イザナギは、黄泉の国の門を隔ててイザナミと会話をする事が出来た。「帰ってきて欲しい」というイザナギに対して、イザナミは「黄泉の国の神と相談します」と答えた。そして、その間は「中を絶対に覗かないでください」と言った。しかし、待ちきれなかったイザナギが中を覗いてしまい、変わり果てた醜い姿のイザナミを見る事になる。約束を破ったイザナギに、醜い姿を見せたくなかったイザナミは怒り、驚いて逃げたイザナギをヨモツシコメに追わせた。
黄泉比良坂まで逃げたイザナギは、追っ手の軍勢に桃の実を投げて追い払った。桃は別名で《仙果》と書き、仙人の果実と言われ邪気を払う食べ物とされているのである。黄泉の国から帰ってきたイザナギが悲しみ、涙を流した際に「ツクヨミ」が生まれた。ツクヨミはその後、夜を統べる神となった。

 

竹 そういうこともね。

竹 レジの本見る。

『神話と果実』というタイトルの書かれた本である。ぱらぱらと中を見てみれば、枯れ葉が挟まっているページがある。

竹 開く。

 

【桃‐モモ‐】
古代の日本や中国では、桃には邪気を払う力があるとされていた。鬼を退治する桃太郎が桃から生まれたのも、この考えが元になっている。
【柘榴 - ザクロ - 】
古代の中近東では、柘榴は虫がつかない果物として唯一、神殿に持ち込むことを許された。愛の象徴、血液の象徴、豊穣・多産の象徴とされ、不老長寿の薬、再生と不死のシンボルとされた。
【林檎 - リンゴ -】
旧約聖書ではイブが悪魔の化身である蛇に唆され、楽園から追放されるきっかけとなったのが林檎だとされてる。神と同等の知識を得る実であると同時に、人の罪を象徴する果実でもある。

 

竹 そういう、こともね。

「やっぱり古書店だからかな、神話とか、そういう古い本が多いね…。」

「さて、そろそろ学会に間に合わなくなってしまう。御手洗、悪いがここで解散しようか。」

「あ……」

「…うん、やっぱり行くんだね……。」

「…折角、時間をとっておいたのに、すまないな。」

「…………」

思わず閉口してしまうが、必死に言葉を絞り出す。

「…ううん、大丈夫、だよ……。…今日は楽しかった…。くれぐれも…気をつけて、ね………」

竹 目が虚ろ

御手洗を無言で抱き寄せる。

「…。」

「…!……っ、学会、遅れちゃうよ?」

泣いてしまいそうなのを隠すために顔をそむける。

「…ああ、そうだな。」

「でも、もう少し…。」

 

そこで突然、御手洗の視界が真っ黒に塗りつぶされる。そのまま、御手洗の意識は途切れてしまった。

 

目の前が真っ暗になった御手洗は、自分が夜のような暗闇の中に立ち尽くす夢を見る。暗い中でも自分の姿を確認できるのは、空に浮かんだ月の明かりのおかげだろう。
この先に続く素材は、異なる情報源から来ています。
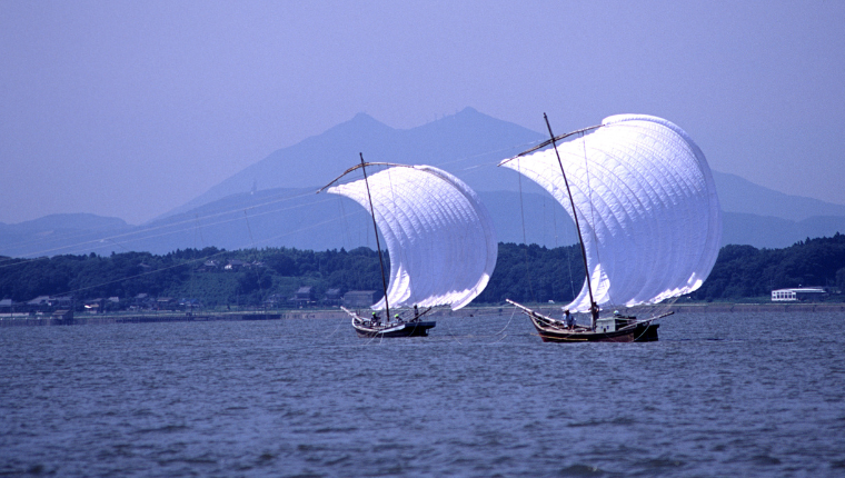 霞浦占了茨城县约三分之一的面积,是仅次于琵琶湖的日本第二大湖。富饶的水域孕育了多样鱼类,也以钓鱼名所闻名。自古以来渔业兴盛,而渔民昔日使用的正是“帆曳船”。迎风鼓满船帆前行的身影,带着一丝怀旧气息,描绘出动人的景致。如今已被修复用于观光,可在土浦市的Lacus Marina出发的游船上近距离欣赏。傍晚时分,帆曳船行驶在被金色夕阳染亮的湖面上,这幅景象正是土浦独有的绝景。
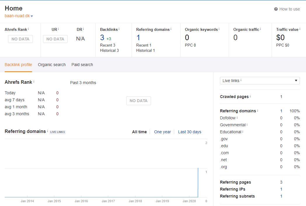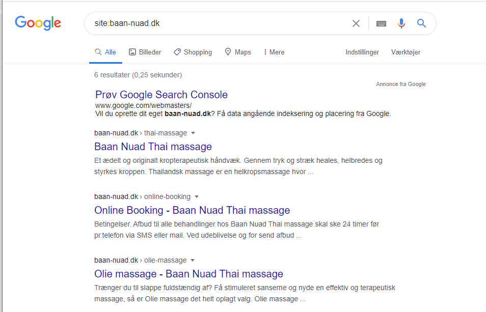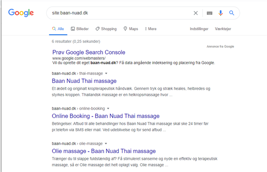 Hej Jeg kan se Google har indekseret din side, så det er "bare" et spørgsmål om at du skal have styrket dit indhold og din linkprofil Hvis du laver en søgning med "site:" foran din hjemmesideadresse, kan du se hvillke sider Google har fundet hos dig. f.eks. site:baan-nuad.dk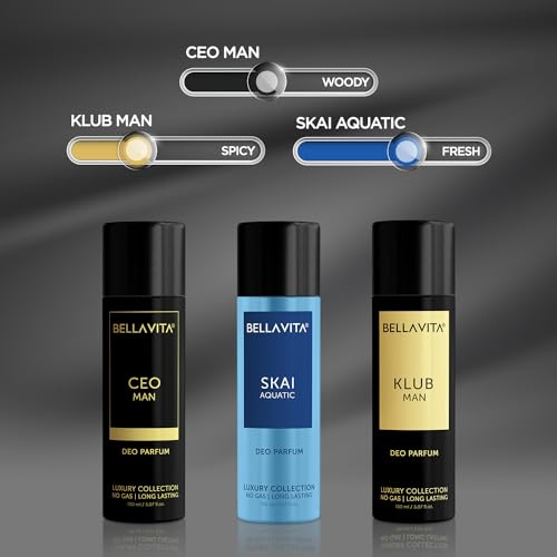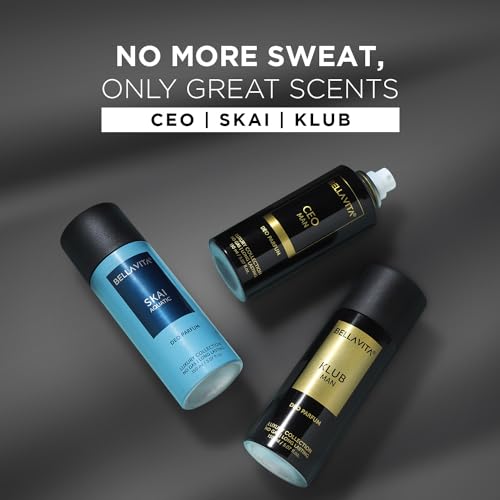 Bella Vita Luxury Unisex Body Parfum Deo Spray Gift Set,Pack Of 3 X 150 Ml, No Gas Long Lasting Premium Fragrance Deodorant|Ceo Men|Skai Aquatic|Klub Men|With Tonka, Bergamot & Vanilla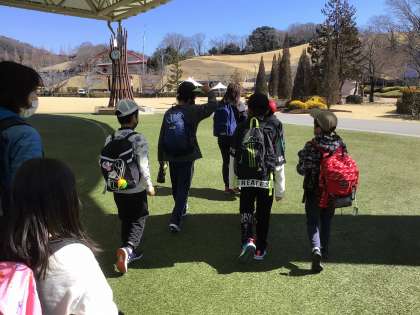 2月28日、今日はやまゆりさんが、平井小学校の特別支援学級のみんなと鞍ヶ池公園で交流遠足を行いました。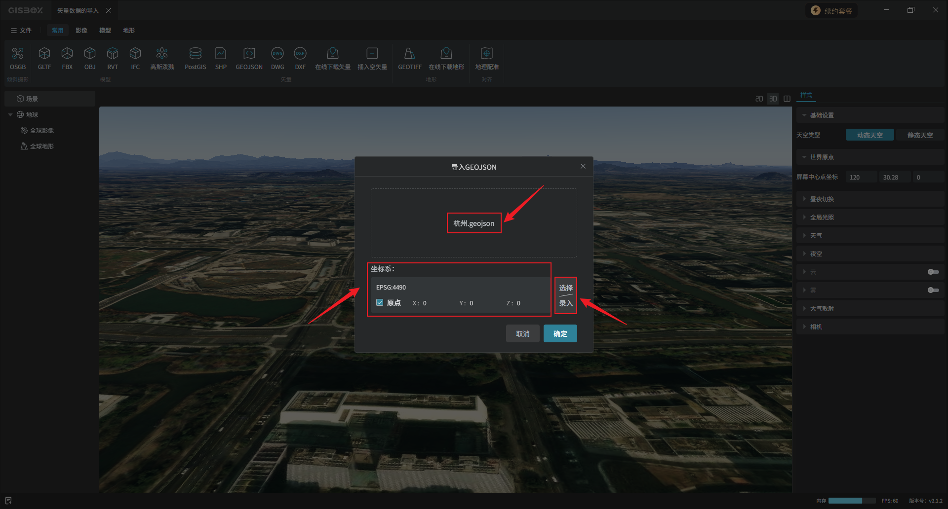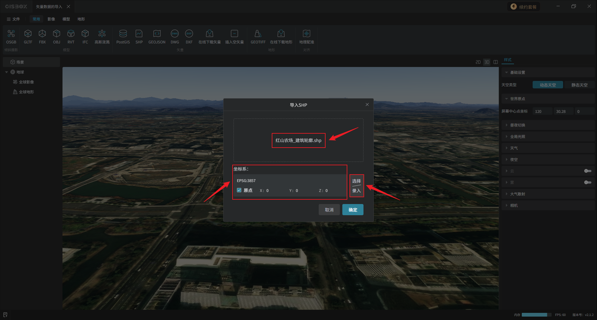 在“基础设置”设置项,可以设置矢量模型的绝对坐标,保证无论在哪个平台中浏览该模型都能够定位到准确位置。点击“选择/录入”,可以通过三种方式录入坐标。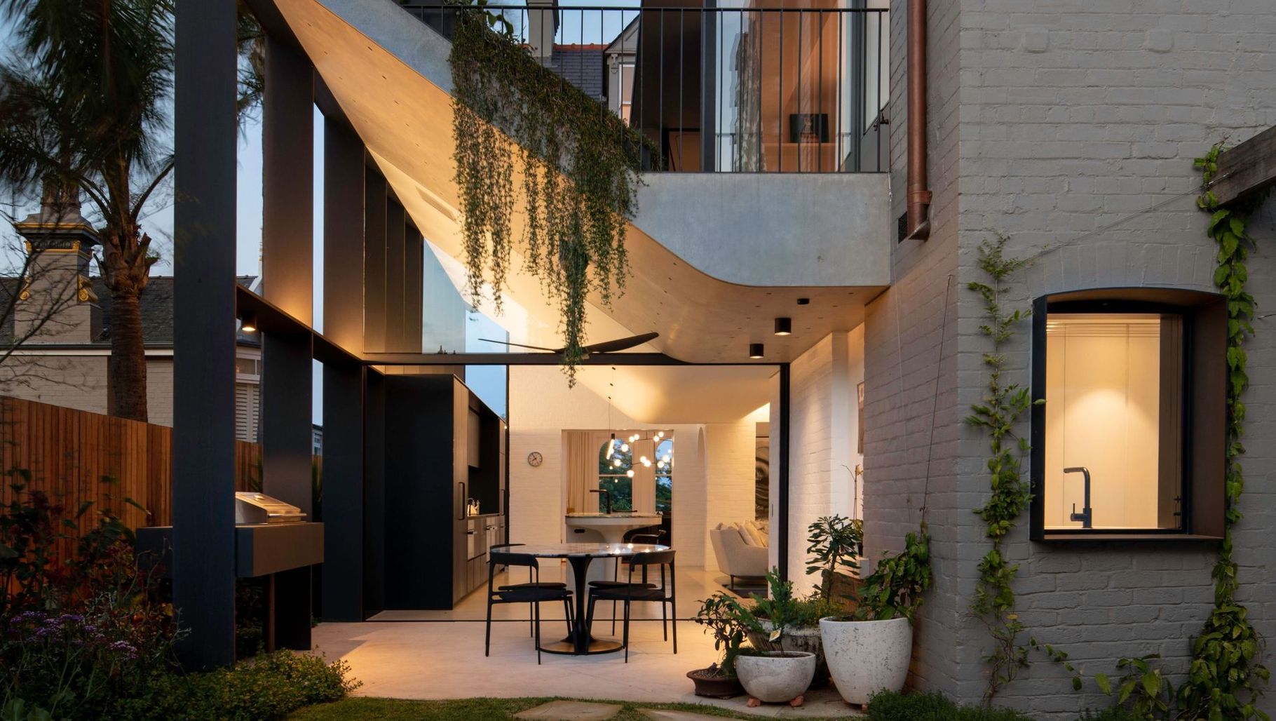 ArchiPro Project Summary - Taroela House: A heritage home in Kirribilli, blending contemporary design with historical elements, featuring a striking four-storey void, innovative concrete lid for natural light, and a green roof for privacy.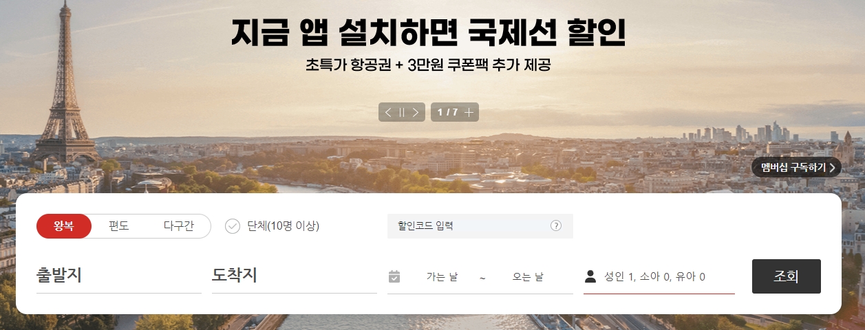 1. 홈페이지 첫 화면에서는 출발지와 도착지를 한눈에 확인할 수 있는 입력란이 제공돼요. 이 칸에 원하는 도시를 입력하면 곧바로 항공권 가격과 스케줄이 화면에 표시돼 예약 과정을 빠르고 쉽게 시작할 수 있답니다. 특히 달력 형태로 출발 날짜와 귀국 날짜를 시각적으로 고를 수 있어 복잡한 일정 입력 없이도 간편하게 일정 확인이 가능해요.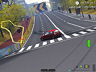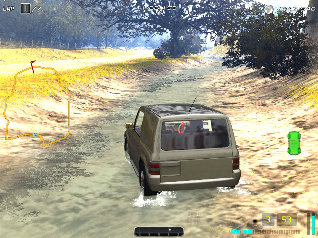 | 「Route #2」の特徴は,コースの一部が小川になっていること。非常にスリッピーな感触の路面である。四駆はサスが柔らかいので,ターマック区間でもスピードを出しすぎると,コーナーで粘りが効かないので要注意。壁に横っ腹をこすりつけることになる | |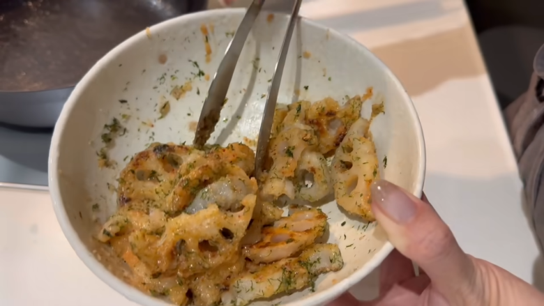 出典:aya vlog片栗粉をまぶしたれんこんをフライパンで焼き、塩、青のりと辛子明太ばらこを和えれば、「れんこんののり塩明太」の完成!ごはんが進むこと間違いない一品です。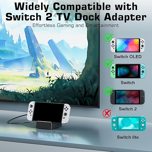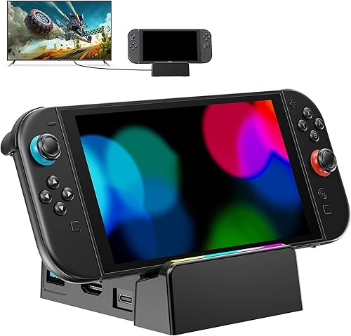 Portable Docking Station for Switch 2/Switch/Switch OLED, TV Dock with 4K HDMI Output, 45W Charging Input, RGB Lighting, USB 3.0 Port, Compact Charging Stand for Switch 2 Console (No Cords Included)
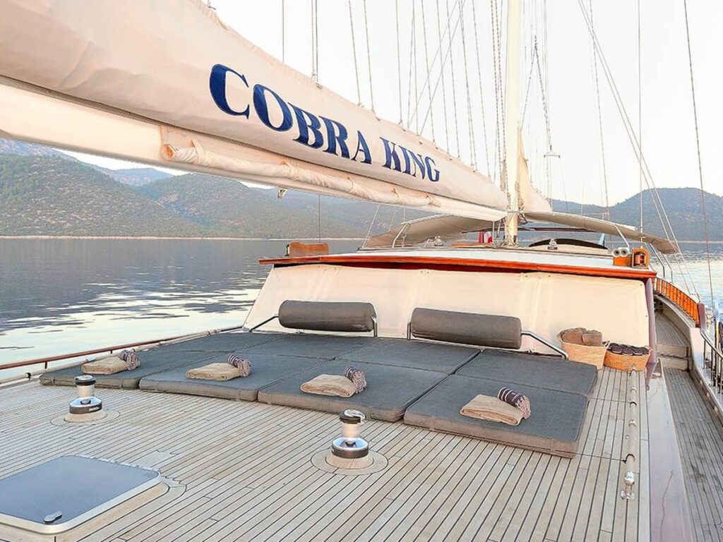 Şık ve zarif tasarımıyla Gulet Cobra King, seçkin misafirlerine beş yıldızlı konforla üst düzey bir özel yelken gezisinin keyfini çıkarma fırsatı sunuyor. 34 metrelik, beş kabinli bu VIP lüks yat, Ege Denizi’nde tekne yapım deneyimi ve zanaatkarlığının merkezi olan Bodrum’da geleneksel gulet tasarımına göre inşa edilmiştir. Altı kişilik mürettebat, daha önce gördüğünüz veya deneyimlediğiniz hiçbir şeye benzemiyor ve bu yolculuğu gerçekten unutulmaz kılıyor.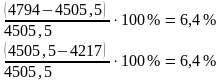 Теперь среднюю величину 4505,5 округляем до 4500 и используем данный количественный показатель для расчета уровня существенности.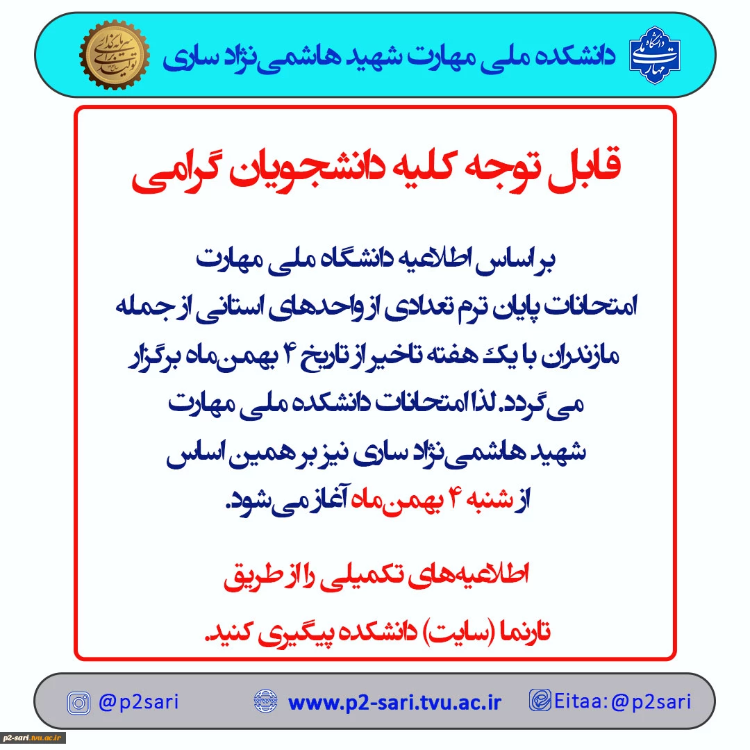 اطلاعیه تاخیر امتحانات 2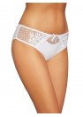 Une culotte phénoménale, lisse à l'arrière et charmante en dentelle à l'avant. Dentelle en maille, complétée par une jolie broderie florale visible plus près du centre de la lingerie, avec un délicat effet de transparence. Un petit nœud au sommet.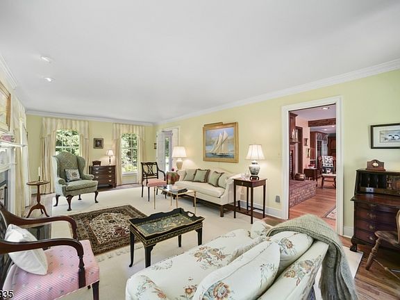 Sublime Bernardsville Colonial at Tower Mountain Bernardsville's established Tower Mountain neighborhood, one of the area's most popular enclaves, is a sought-after backdrop for a gracious Colonial on 1.24 landscaped acres. This welcoming four bedroom, three full and two half bath residence is located on a cul de sac and features extensive mature plantings, a huge brick terrace, glass-enclosed porch and private rear yard. The leafy setting is just minutes from downtown shops, restaurants, schools, commuter highways and Midtown Direct trains. Beautifully maintained by the present owners, pride of ownership is seen throughout this sophisticated home which offers a new 2020 septic system. Highlights of the welcoming layout include generously-sized rooms, hardwood floors, crown moldings, two fireplaces, recessed lighting, built-ins, a wet bar, skylights, a gourmet kitchen, private master suite and finished space in the daylight lower level. The graceful architecture is enhanced by a landscaped front walkway and traditional front door edged in sidelights and Colonial trim. Introducing the floor plan is a wide foyer featuring a turned staircase, chandelier, hardwood floors and views into some of the main gathering areas. Special occasions are memorable in the dining room fitted with crown and chair rail moldings, wainscoting and two built-in china cabinets. In the spacious, sunlit living room, a white mantled fireplace and crown moldings are elegant details. The living room connects to a bright, airy family room warmed by the glow of a raised hearth brick fireplace edged in wood paneling and custom cabinetry. This vaulted ceiling space has two skylights, an airy ceiling fan and recessed lighting. Chef-worthy appointments in the kitchen include a center island with Dacor gas cooktop, an oversized stainless steel Sub-Zero refrigerator/freezer, full-sized Sub-Zero wine cooler, Fisher-Paykel dishwasher, double wall ovens, granite countertops and hardwood floors. The adjacent dining area contains a wet bar and sliding French door to the screened-in porch topped by a glass ceiling with two ceiling fans. This indoor-outdoor room overlooks an expansive brick terrace providing serene views of the property. Completing the first floor are formal and informal powder rooms and a mud room with a door to the outside. Upstairs, a soothing master suite lined in crown and chair rail moldings connects to a private master bath. Spacious secondary bedrooms share two more updated baths on this level, which also accesses a walk-up storage attic. Additional living space is found in the partially finished lower level fitted with new Berber-style carpeting. Storage needs are easily met in the attached two-car garage. The desirable Tower Mountain neighborhood enjoys natural views from roomy lots along low-traffic streets. Residents here can often be seen bike riding, walking or jogging along the gently winding streets lined with impressive residences. This updated Colonial is an exceptional offering in the prime Somerset Hills. It is close to Bedwell Elementary School, Bernardsville Middle School and the municipal park with its tennis courts and polo grounds.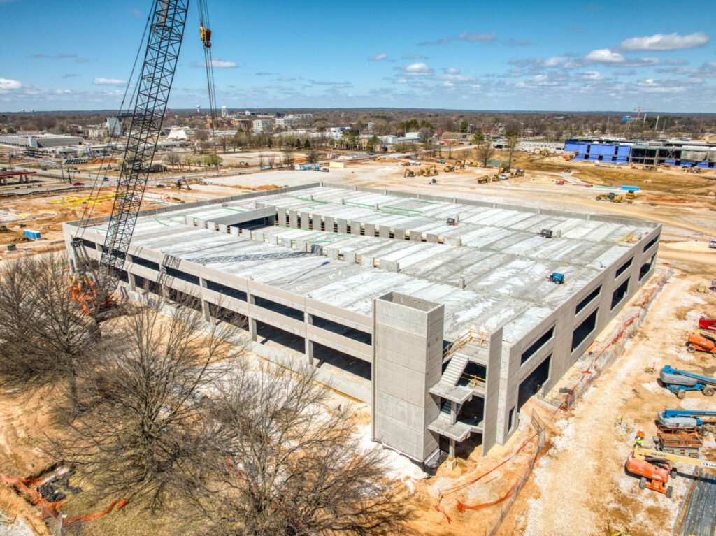 The precast benefits provided by Coreslab Structures (OKLA) Inc for the New Walmart Headquarters campus parking decks project are numerous. Precast concrete offers a host of advantages that are essential for a project of this scale and complexity: durability, sustainability, resiliency and efficiency. Precast concrete is a highly durable material, with a long service life that can withstand the elements, making it an ideal choice for this multi-use parking deck. Precast concrete also offers environmental benefits, with a low carbon footprint and recyclable materials.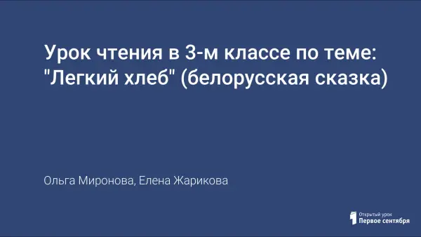 Урок чтения в 3-м классе по теме: "Легкий хлеб" (белорусская сказка)

月以外は何も見えない空間で、男性と誰かが話し合っている声だけが聞こえる。その声の聞こえる方向を確認しても見えるものは何もない。男性の話し相手の声は、男とも女ともつかないものである。

 

?「ダメじゃないツクヨミ。ドリームランドから勝手に出て覚醒の世界に干渉しちゃ」
男性「父母のようで、哀れに思ったのだ」
?「人間の思う《希望》と、我々の思う《希望》は一致しないよ」
男性「…………終焉なき終わりは幸に非ず、か」
?「一応、下級の神々の保護団体の一員だからね。監視のミスもあったし手を貸すよ」
男性「許し給え」
?「いいよ、結果的に面白いことになってるしね」

 

塵 アイデア振ってください。

竹 アイデア65で振ります。→27成功

 

男の声は、前回の夢で自分たちと話していた相手と同じ声であり同一人物だろうと推測することができる。